Every record must come back unchanged, apart from the pictures, which are dropped.

Dataset content
^^^^^^^^^^^^^^^^

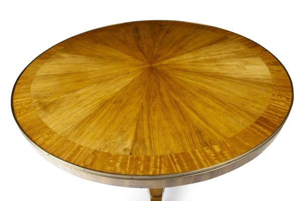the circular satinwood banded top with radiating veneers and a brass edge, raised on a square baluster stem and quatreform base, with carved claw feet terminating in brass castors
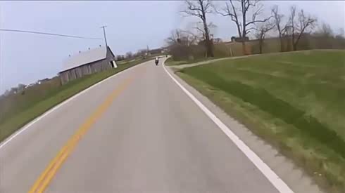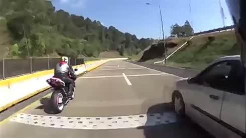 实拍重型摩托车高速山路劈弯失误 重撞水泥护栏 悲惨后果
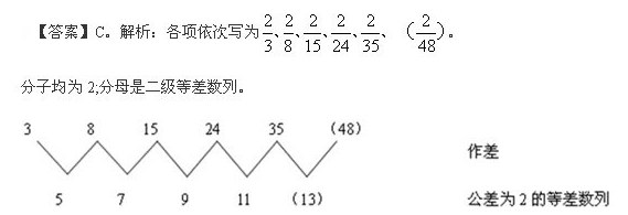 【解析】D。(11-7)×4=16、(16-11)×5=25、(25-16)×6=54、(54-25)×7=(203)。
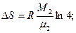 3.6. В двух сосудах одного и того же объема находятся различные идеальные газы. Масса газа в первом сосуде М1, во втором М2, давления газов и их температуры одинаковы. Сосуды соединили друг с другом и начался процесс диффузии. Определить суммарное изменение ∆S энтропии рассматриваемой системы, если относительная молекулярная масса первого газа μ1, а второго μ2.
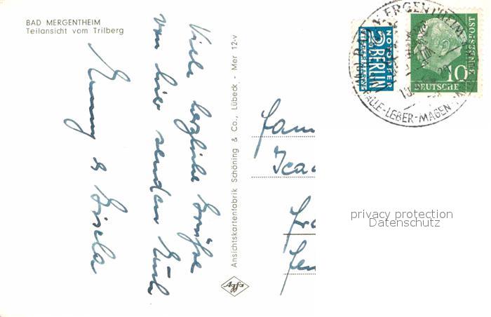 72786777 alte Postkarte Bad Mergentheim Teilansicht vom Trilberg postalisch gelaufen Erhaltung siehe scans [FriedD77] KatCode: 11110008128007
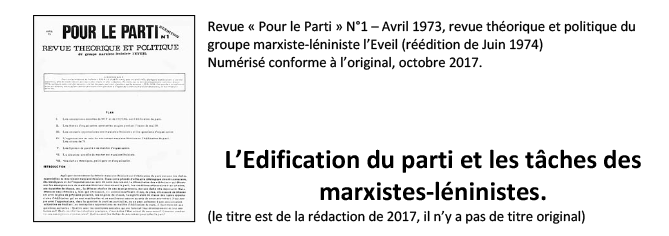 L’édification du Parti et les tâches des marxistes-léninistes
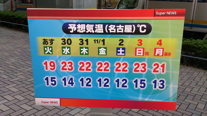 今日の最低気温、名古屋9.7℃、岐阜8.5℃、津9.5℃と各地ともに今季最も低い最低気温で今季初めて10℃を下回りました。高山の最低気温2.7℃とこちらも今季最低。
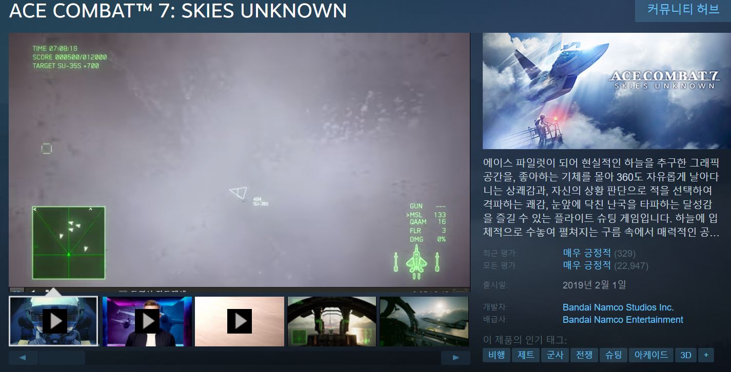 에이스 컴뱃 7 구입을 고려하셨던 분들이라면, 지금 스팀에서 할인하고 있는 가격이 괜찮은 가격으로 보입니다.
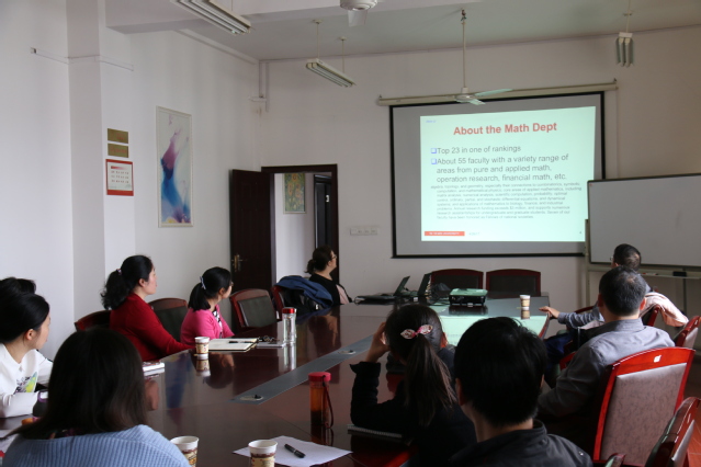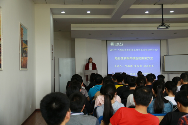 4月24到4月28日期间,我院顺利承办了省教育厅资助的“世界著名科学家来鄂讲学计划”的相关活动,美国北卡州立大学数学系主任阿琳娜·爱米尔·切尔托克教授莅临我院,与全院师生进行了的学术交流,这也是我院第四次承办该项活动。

^^^^^^^^^^^^^^^^

Answer for the task
the circular satinwood banded top with radiating veneers and a brass edge, raised on a square baluster stem and quatreform base, with carved claw feet terminating in brass castors
 实拍重型摩托车高速山路劈弯失误 重撞水泥护栏 悲惨后果
 【解析】D。(11-7)×4=16、(16-11)×5=25、(25-16)×6=54、(54-25)×7=(203)。
 3.6. В двух сосудах одного и того же объема находятся различные идеальные газы. Масса газа в первом сосуде М1, во втором М2, давления газов и их температуры одинаковы. Сосуды соединили друг с другом и начался процесс диффузии. Определить суммарное изменение ∆S энтропии рассматриваемой системы, если относительная молекулярная масса первого газа μ1, а второго μ2.
 72786777 alte Postkarte Bad Mergentheim Teilansicht vom Trilberg postalisch gelaufen Erhaltung siehe scans [FriedD77] KatCode: 11110008128007
 L’édification du Parti et les tâches des marxistes-léninistes
 今日の最低気温、名古屋9.7℃、岐阜8.5℃、津9.5℃と各地ともに今季最も低い最低気温で今季初めて10℃を下回りました。高山の最低気温2.7℃とこちらも今季最低。
 에이스 컴뱃 7 구입을 고려하셨던 분들이라면, 지금 스팀에서 할인하고 있는 가격이 괜찮은 가격으로 보입니다.
 4月24到4月28日期间,我院顺利承办了省教育厅资助的“世界著名科学家来鄂讲学计划”的相关活动,美国北卡州立大学数学系主任阿琳娜·爱米尔·切尔托克教授莅临我院,与全院师生进行了的学术交流,这也是我院第四次承办该项活动。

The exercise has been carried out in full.